Have you ever stepped on the scale, hoping you’ve lost a few pounds, only to find you haven’t lost an ounce? Does this news propel you toward the nearest bag of chips, a pint of Ben & Jerry’s or the Whataburger drive-thru? Then it’s time to ditch the bathroom scale and change the way you think about and track fitness goals. We asked Body Machine Fitness Plano personal trainer Debi to explain how.

Set yourself up for success: Ditch the scale and make small changes to daily habits

“I don’t own a scale. I hate the scale, and I hate the numbers on the scale, because they sabotage our fitness goals. When people are working out and eating healthier, and then they don’t see results on the scale, it can be really demotivating. To get back on track and stay motivated, it’s essential to change how you think about weight loss and track fitness in a different way, ” Debi says.

One of the first things Debi asks clients to think about is the lifestyle changes that got them OFF track in the first place.

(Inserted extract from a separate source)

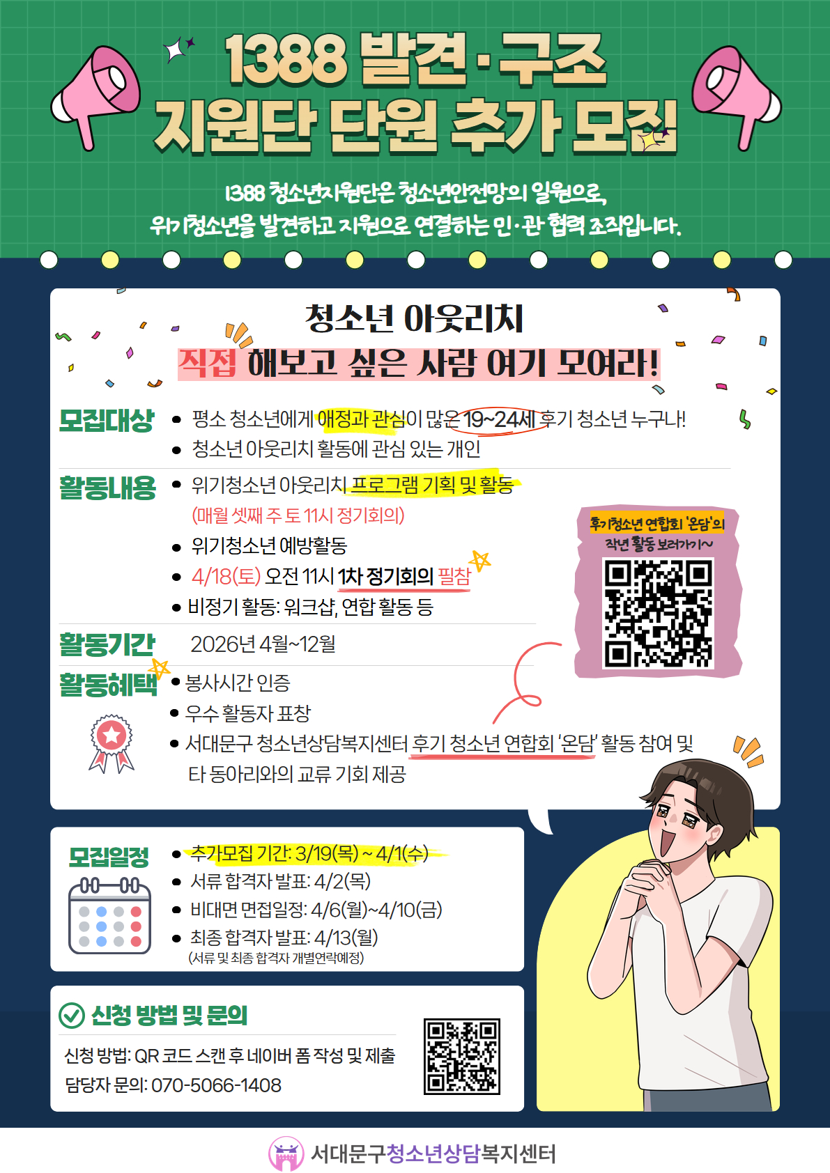 2026년 서대문청소년아지트쉼표 청소년운영위원회'우비' (추가)모집

As she explains, “It might be small habits. Maybe you started eating too much dinner or eating out every night or drinking more alcohol during the week. Look at those things first and stop worrying about what the scale is saying. You just need to make small changes and reverse those habits to get back on track. As long as you make those lifestyle changes, you will see results.”

Need to up your fitness game? Learn why BMF was voted the #1 Best Gym in Plano for 2018 – request a FREE class here!

Seven smart ways to track fitness and stay motivated

So the scale is out … what other options are there? Debi recommends the following:

No. 1: Keep a record of all the awesome ways you’re following a healthier path.

“Maybe your plan is to eat more vegetables at every meal, drink more water every day or swap happy hours with going to the gym. Track your accomplishments and see how consistent you can be,” Debi says.

No. 2: Take progress photos.

You see yourself every day in the mirror, so you won’t notice small changes. In fact, you probably won’t notice changes in the mirror for two months. What happens when we don’t see results, motivation TANKS. Instead, take a selfie once a week – wearing the same clothes – and over time you’ll SEE that you’re getting more fit. Now that’s motivating!

No. 3: Embark on a benchmark test.

One of the nifty tools members of BMF, can take advantage of at our boutique fitness studio in Plano is the state-of-the-art Styku 3D body scanning machine. Instead of measuring weight, the Styku tracks body fat percentage and inches lost. Debi recommends getting a benchmark test on day one, then revisiting results in four weeks.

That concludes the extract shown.